Focuses get turned to the domestic front, as big steps towards shacking up happen — and if he isn’t bringing it up, feel free to drop the bomb first, because this page turner will prove to be a pinnacle point in which revelations are made and plans get set into motion. If you’re already living in sin, time to invest more into the situation. Yes, it’s all about stepping it up!

Gemini (May 21 – June 20)

Grand declarations are coming and the information you learn may shock and amaze you. Not everyone in your life is as he appears and when you uncover the shocking facts, it can lead to a deluge of lust or loathing. Either or, passions will run high and confusion will throw you into a tizzy. Of course, the drama will make you feel hot as hell too.

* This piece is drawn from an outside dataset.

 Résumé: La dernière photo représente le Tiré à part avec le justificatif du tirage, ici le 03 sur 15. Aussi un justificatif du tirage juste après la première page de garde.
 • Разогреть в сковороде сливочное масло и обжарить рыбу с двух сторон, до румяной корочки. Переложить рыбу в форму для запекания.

Cancer (June 21 – July 22)

The presentation of yourself will matter, so let vanity get the better of you. Time to pamper, preen, and polish yourself up; an attitude adjustment will do wonders for you soul and overall morale — and if there is anyway you’re going to get laid this week, it mean getting back in touch with your je ne sais quoi.

Leo (July 23 – August 22)

If ever there were going to be a lucky week for you, it’s this one. New beginnings and just flat out random luck will be working to give you exactly what you visualization. However, don’t waste this gift, like using it to lure in that underachieving hottie you’ve been eyeing at happy hour, but rather a sex god with his life together. Yes sister, this is the time to dream big!